I love to travel so I go whenever possible (Belize next week for a bit!!), unfortunately I don't get paid for it, vacation only!

We all should have a job like this: "best job in the world" http://www.islandreefjob.com/best-experience/landing.php :rofl:


----------



## chicagofan00 (Feb 10, 2008)

clindc said:


> I love to travel so I go whenever possible (Belize next week for a bit!!), unfortunately I don't get paid for it, vacation only!
> 
> We all should have a job like this: "best job in the world" http://www.islandreefjob.com/best-experience/landing.php :rofl:


I love to travel too but unfortunately haven't been to as many interesting places as you have!

That would have been amazing to have won that job, he is a lucky guy to have won that contest.


----------



## clindc (Apr 30, 2009)

chicagofan00 said:


> That would have been amazing to have won that job, he is a lucky guy to have won that contest.

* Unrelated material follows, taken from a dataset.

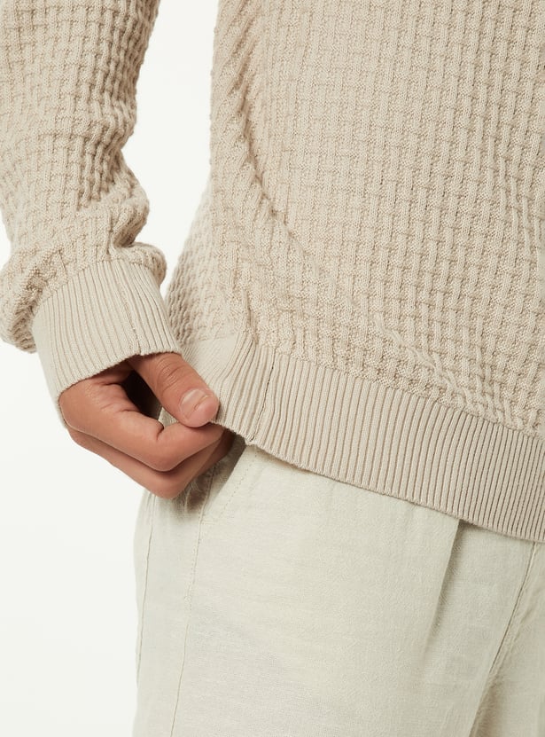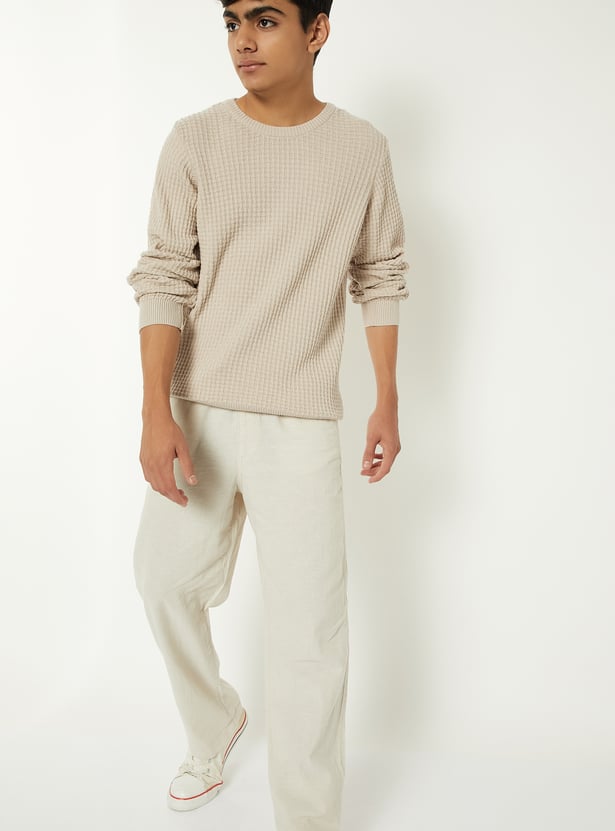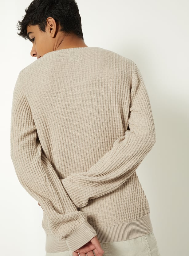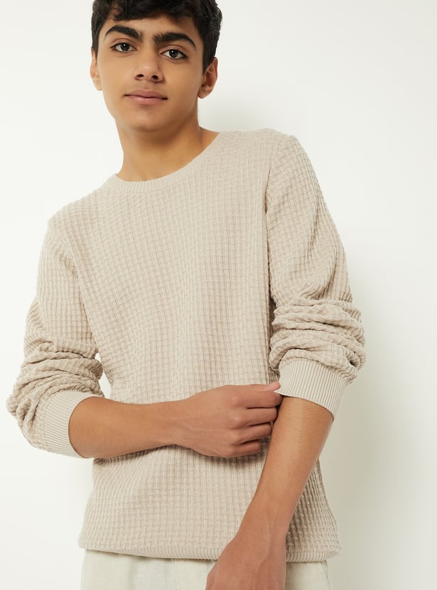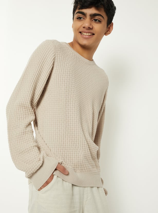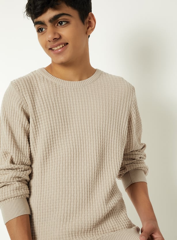 Stay cozy and chic with this knit sweater, featuring a classic crew neck, full sleeves, and a ribbed hem for a comfortable fit.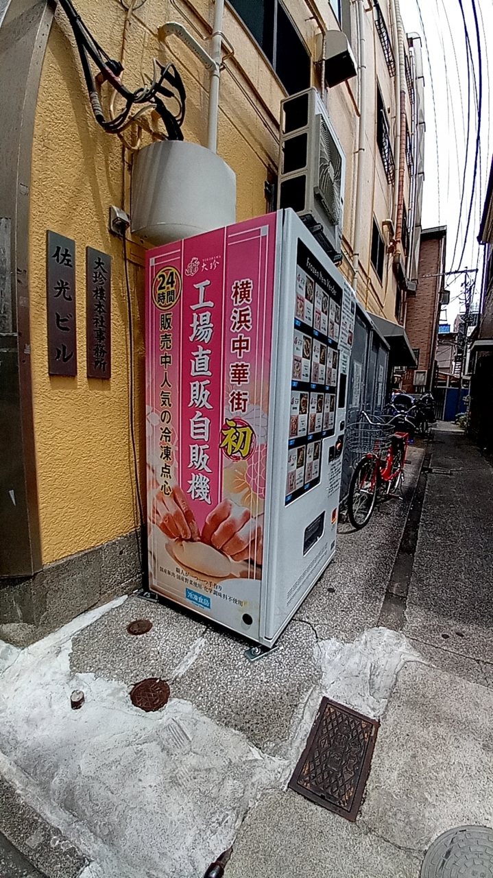 神奈川県・横浜の『横浜中華街』にある『大珍樓』さんの点心が24時間購入することが出来るようになりました。大珍樓の本社工場の横に『工場直販自販機』が設置され、人気の冷凍点心が24時間販売されています。『横浜中華街初』の自販機です。

Luckily for the world, after winning the recent "Island Caretaker" competition from Tourism Queensland, the caretaker realised he was a bit tired and needed an assistant--- if you missed out here's a second chance to become an island caretaker helper  http://www.islandreefjob.com.au/2009/09/02/wanted-island-caretaker-helpers-update-2/


----------



## BMW_GAL (Apr 7, 2009)

Awesome pictures, love the cherry blossoms


----------



## chicagofan00 (Feb 10, 2008)

clindc said:


> Luckily for the world, after winning the recent "Island Caretaker" competition from Tourism Queensland, the caretaker realised he was a bit tired and needed an assistant--- if you missed out here's a second chance to become an island caretaker helper  http://www.islandreefjob.com.au/2009/09/02/wanted-island-caretaker-helpers-update-2/


Wow, had no idea they opened up a contest for some helpers. Too bad I couldn't get 7 weeks off of work to go and do something like that!


----------